#### [WORK ITEM]
Leave out the pictures, then output the lines of the records below from the first through the one containing "MAL-ONE Number 11".

#### [DATA EXTRACT]

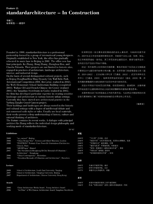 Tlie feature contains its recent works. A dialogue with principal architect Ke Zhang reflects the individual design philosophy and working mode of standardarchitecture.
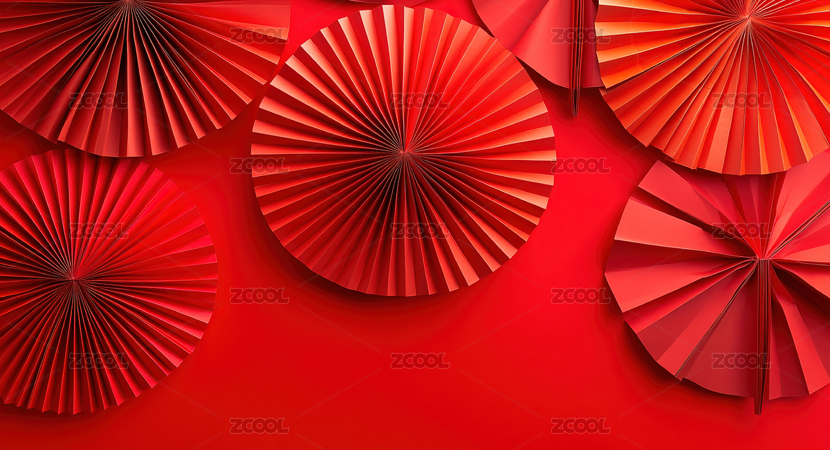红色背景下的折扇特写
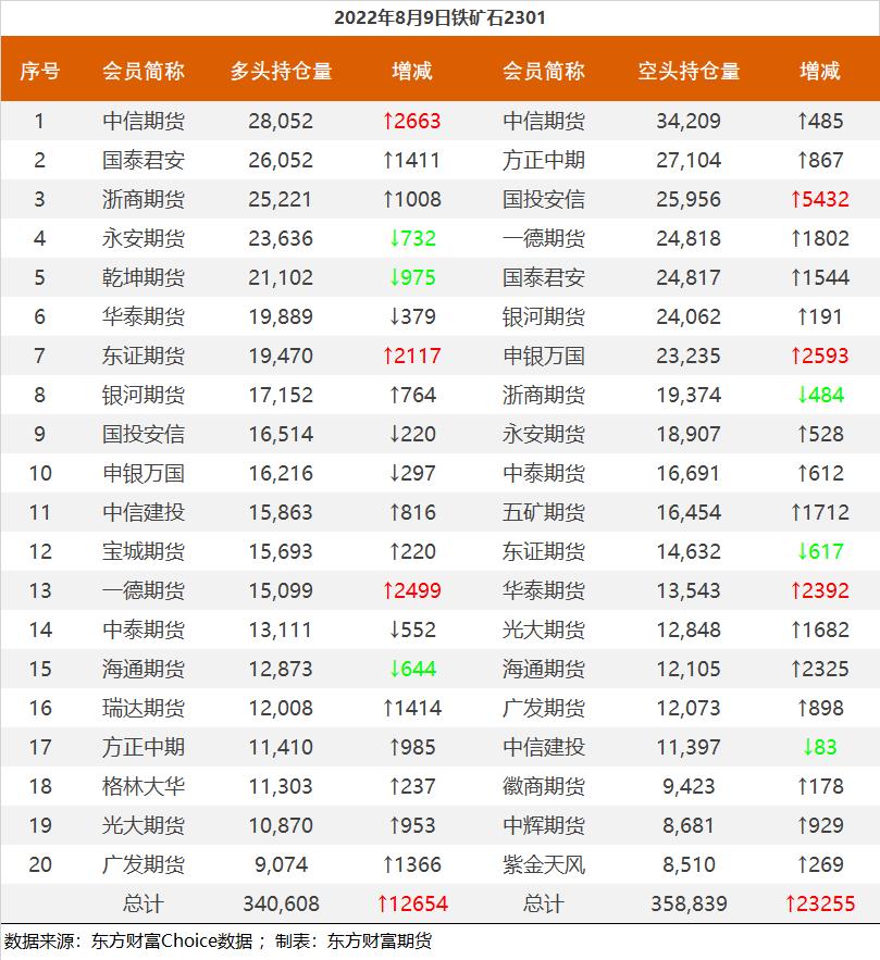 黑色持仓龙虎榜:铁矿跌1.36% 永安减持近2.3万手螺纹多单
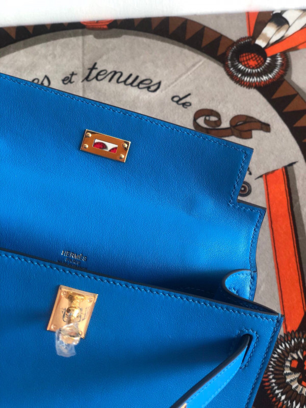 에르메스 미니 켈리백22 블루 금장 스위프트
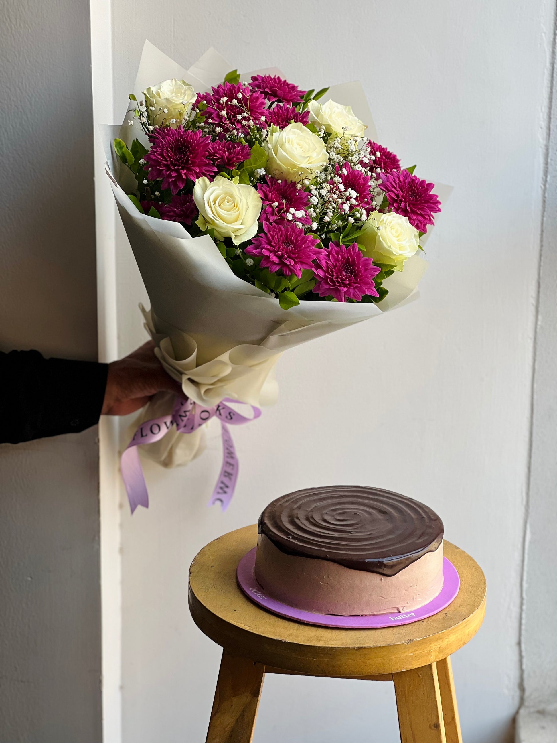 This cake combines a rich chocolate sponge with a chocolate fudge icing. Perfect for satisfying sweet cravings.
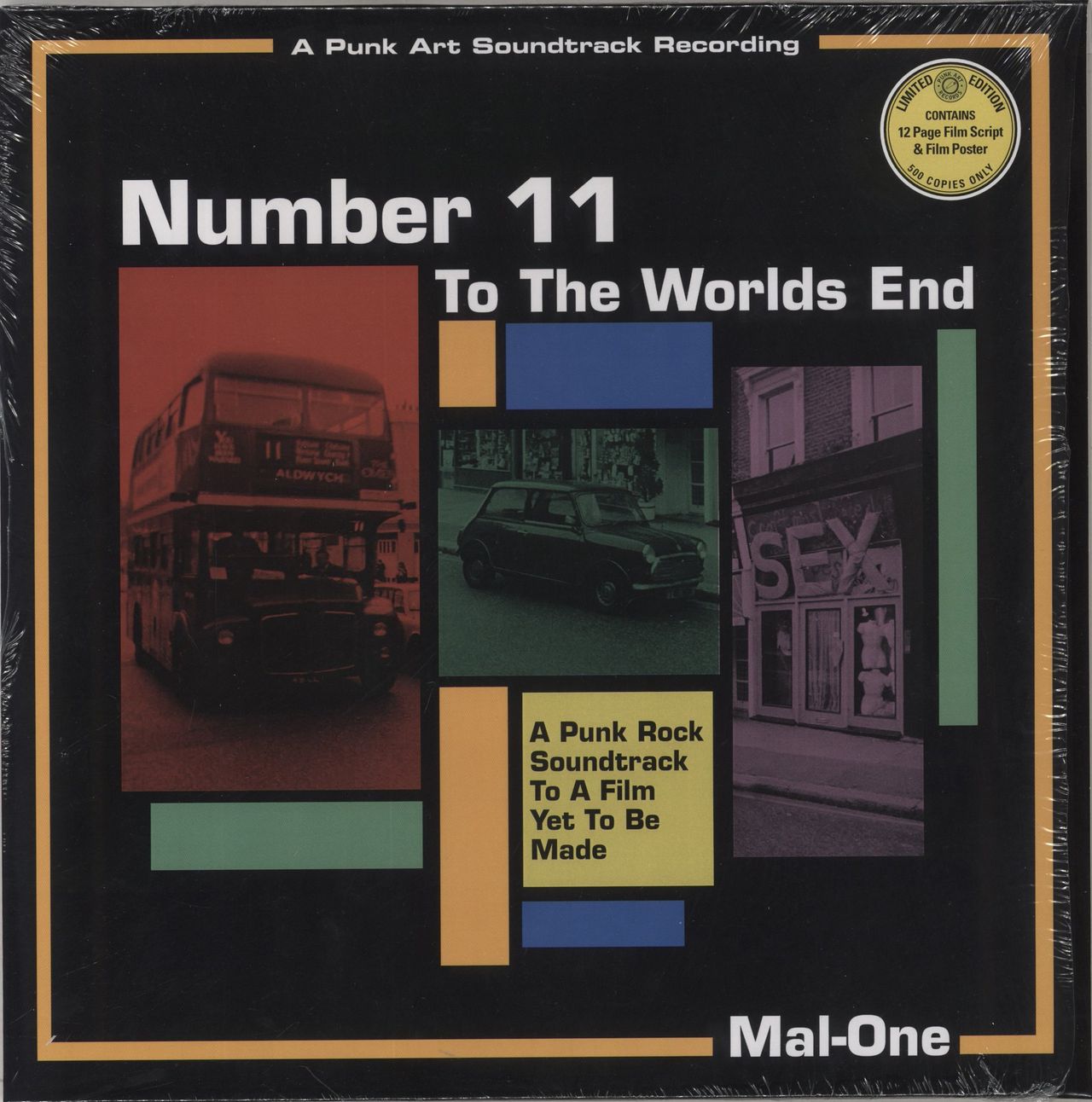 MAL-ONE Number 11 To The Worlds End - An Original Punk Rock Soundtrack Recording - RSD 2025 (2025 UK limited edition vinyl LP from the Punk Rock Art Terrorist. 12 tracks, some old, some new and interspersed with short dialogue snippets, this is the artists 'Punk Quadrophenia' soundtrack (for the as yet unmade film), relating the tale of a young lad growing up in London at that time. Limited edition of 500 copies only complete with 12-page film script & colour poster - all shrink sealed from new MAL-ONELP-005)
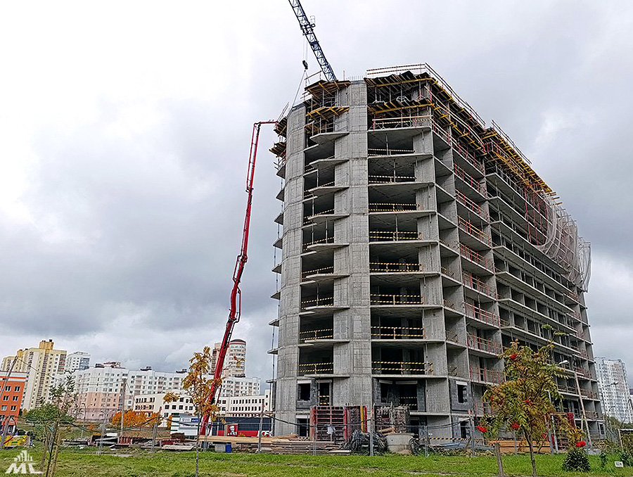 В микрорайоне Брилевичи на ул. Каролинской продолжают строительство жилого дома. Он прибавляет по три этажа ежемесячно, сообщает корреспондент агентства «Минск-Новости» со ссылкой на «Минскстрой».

#### [THE COMPLETED TASK]
 Tlie feature contains its recent works. A dialogue with principal architect Ke Zhang reflects the individual design philosophy and working mode of standardarchitecture.
红色背景下的折扇特写
 黑色持仓龙虎榜:铁矿跌1.36% 永安减持近2.3万手螺纹多单
 에르메스 미니 켈리백22 블루 금장 스위프트
 This cake combines a rich chocolate sponge with a chocolate fudge icing. Perfect for satisfying sweet cravings.
 MAL-ONE Number 11 To The Worlds End - An Original Punk Rock Soundtrack Recording - RSD 2025 (2025 UK limited edition vinyl LP from the Punk Rock Art Terrorist. 12 tracks, some old, some new and interspersed with short dialogue snippets, this is the artists 'Punk Quadrophenia' soundtrack (for the as yet unmade film), relating the tale of a young lad growing up in London at that time. Limited edition of 500 copies only complete with 12-page film script & colour poster - all shrink sealed from new MAL-ONELP-005)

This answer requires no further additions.